Provide a less-structured framework that allows creativity to flourish, and encourages novel solutions to problems.
4.5. DESIGN
4.5.1.1. INTRODUCTION
In this section the overall design for the project will be mapped out. First, a brief reminder of the main aims of the project. To produce a program that can do the following two things:
Perform searches on Internet/intranet content.
Add new filters to perform different types of searches.

4.5.1.2. PERFORM SEARCHES ON INTERNET/INTRANET CONTENT
This will be achieved in the following manner.
An interface that will allow the user to specify the following information:
A list to select which filters to match documents with, the scope of the project will include only one simple text filter.
The ability to specify a root domain to start searching from.
Text to search for.
The search will be performed simply by traversing html files for links to further files. The matches will be performed by passing each www page to each search filter in turn and the filter will return any details of matches found.
When the search is finished, the results will be presented to the user.

4.5.1.3. ADD NEW FILTERS TO PERFORM DIFFERENT SEARCHES
The key to this feature is implementing the initial filter in such a way that it is simple to add more filters. Example filters could be a synonym filter, or a graphic filter. I plan to use ActiveX to create the filters as it is the main component technology for Windows platforms.
This will be expanded upon in 5.3.2.4 below.

4.5.2. DESIGN ONE

Figure 2 - Design One
4.5.3. EVALUATION OF DESIGN ONE
Whilst this design seems quite effective at first glance, upon closer inspection I found two major problems with it.
How do the users options get passed to the filter processor when there is no link to it? It would of course be possible to pass them from the User Options onto the Search Engine then onto the Filter Processor. But, that means the Search Engine is dealing with data that has no meaning to it. That is not very sensible from an Object Orientated aspect as an object should only deal with data important to itself.
The User Options Screen needs to know what filters are available for the user to choose from but only the Filter Processor will know this.
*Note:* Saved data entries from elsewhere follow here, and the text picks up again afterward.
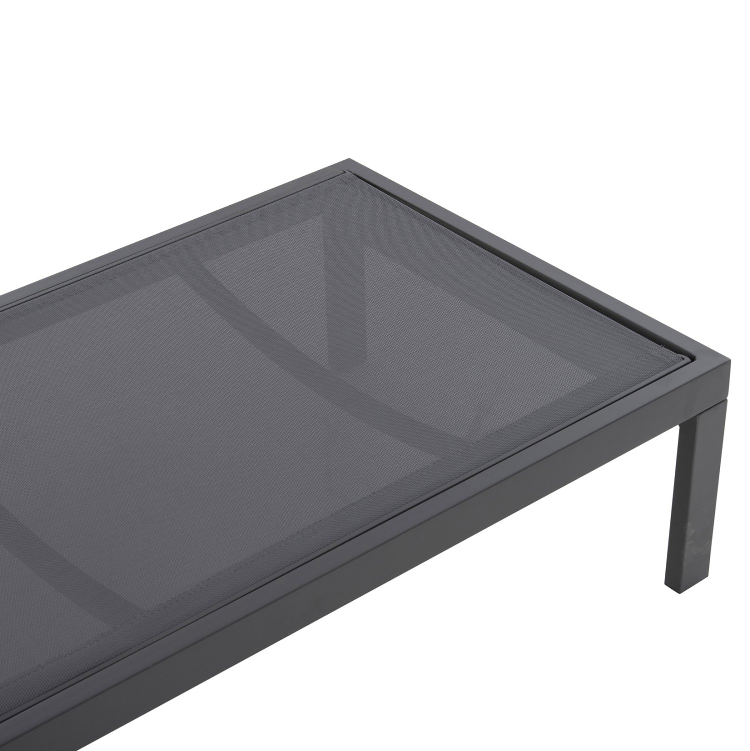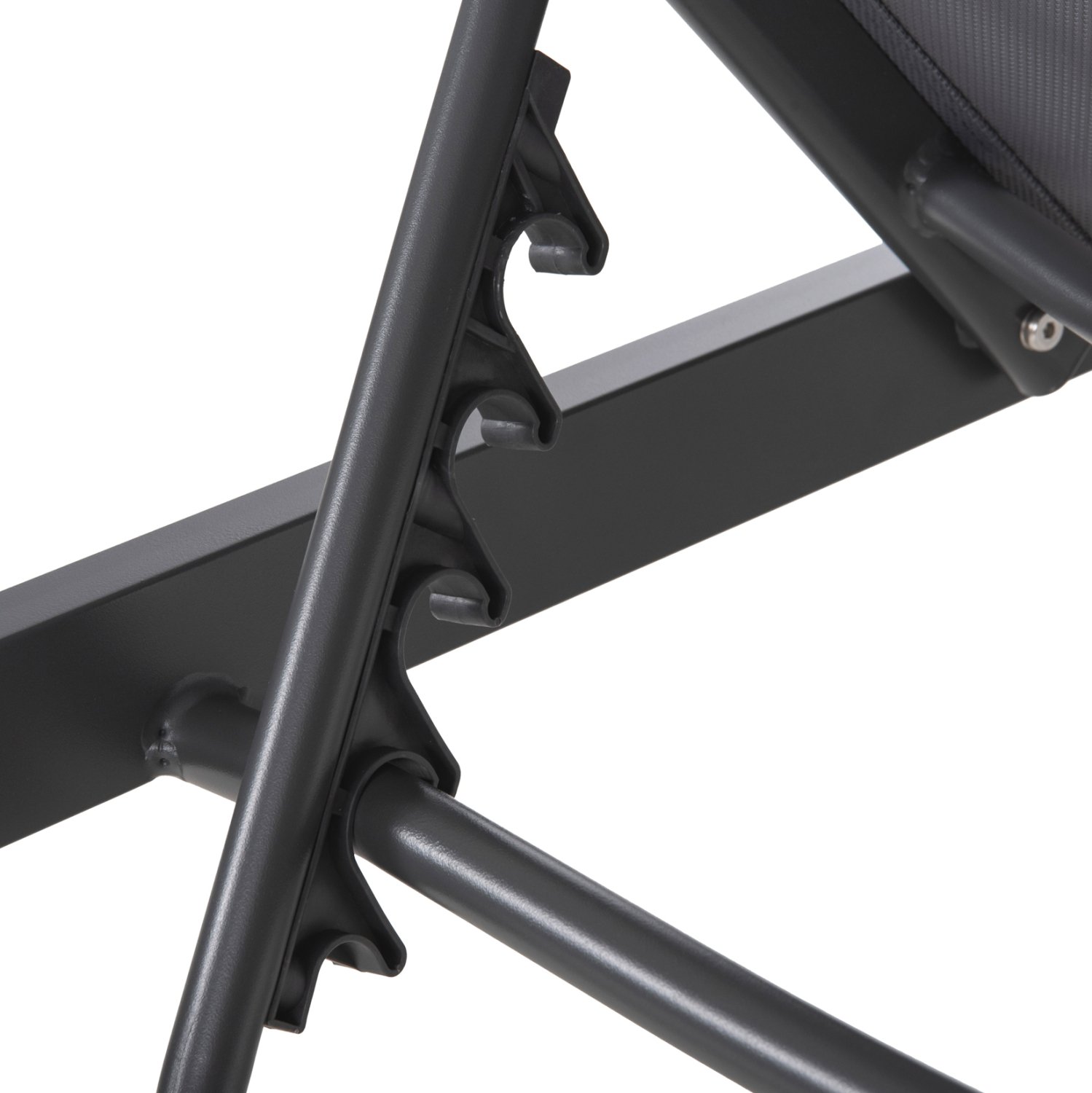 Η επαγγελματική ξαπλώστρα παραλίας THATCHER σε ΑΝΘΡΑΚΙ χρώμα είναι όμορφη και πολυτελής. Είναι κατασκευασμένη από αλουμίνιο και textilene επίσης σε ΑΝΘΡΑΚΙ χρώμα ενώ διαθέτει και έξτρα πόδια στην μέση του μήκους της για ακόμα μεγαλύτερη στιβαρότητα. Σχεδιαστικά οι «γραμμές» της είναι ξεκάθαρες και τετραγωνισμένες. Η σκαλιέρα έχει 5 επίπεδα (μαζί με την flat)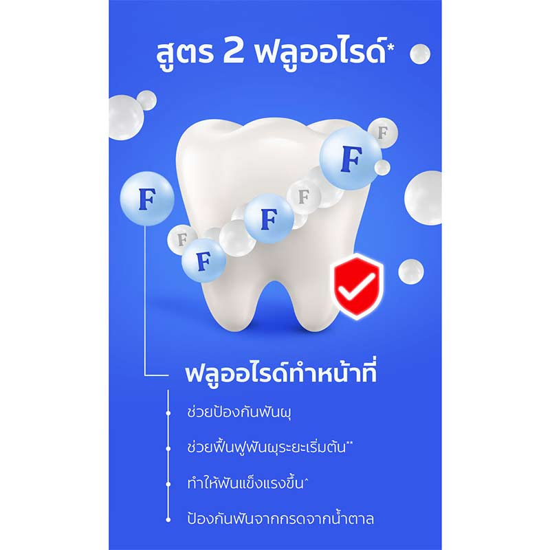 - ยาสีฟันมีส่วนผสมของลิควิด แคลเซี่ยมและฟลูออไรด์ช่วยให้ฟันแข็งแรงและป้องกันฟันผุ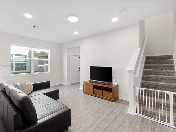 Welcome to this 3-bedroom, 2.5-bath townhome with 1,547 square feet under AC of thoughtfully designed living space. The property is a corner unit offering enhanced privacy and generous natural light. Never rented and meticulously maintained, this residence combines modern elegance with family-friendly functionality. The home is upgraded throughout, featuring stunning grey quartz countertops, crisp white backsplash, and elegant white cabinetry. Luxury vinyl flooring flows through living areas for easy maintenance, while plush carpet in bedrooms ensures quiet comfort. Impact windows for peace of mind and energy efficiency. The open-concept first floor includes a kitchen with stainless steel appliances, and a convenient powder room. The upstairs is a private sanctuary: three spacious bedrooms, two full baths, and an oversized family loft perfect for play areas or home office. The laundry is conveniently located on the bedroom level. The primary suite features a luxurious bathroom with glass shower and modern tile work. The 2nd and 3rd bedrooms offer serene lake views and the windows flood spaces with natural light. The backyard overlooks tranquil lake vistas ideal for weekend barbecues and outdoor entertaining. The two-car garage provides ample parking and storage. Ideally located near grocery stores, shops, parks, and schools everything your family needs within reach. Fully child-proofed with WiFi extenders and safety features already installed. Can be rented furnished.

Again the problem is of the Filter Processor communicating with the User Interface.
I then developed a second design that would overcome these shortcomings.
4.5.4. DESIGN TWO

Figure 3 - Design Two
4.5.5. EVALUATION OF DESIGN TWO
The fundamental difference between figure 3 and the previous design in figure 2 is that the Filter Processor is now the central component that all the others talk to. This makes a lot more sense as everything needs to communicate with the Filter Processor for various reasons. The problem of course with this is that it could develop into a bottleneck. I anticipate though for the scale of this project it will not be a problem. For a high performance application though other solutions may be required.
A good thing about this design is that it can be seen that everything plugs into the Filter Manager. This is similar to a micro-kernel design in Operating Systems and has the advantage that different components can be plugged in and out as needs change. A further advantage would be that components would not all have to exist on the same machine. The possibility of having different filters running on a machine located elsewhere on a network is raised too. I mention some of this as speculative as I will be unlikely to develop all this functionality into the project, but it's useful that the basis for this will exist already.
The design in figure 3 is the design I shall be using then for the program. I don't expect it to change drastically from this design but it is always an option in case something unexpected turns up. The ability to take a step back and redesign if a problem does occur is one of the great strengths of a Prototyping approach in my opinion.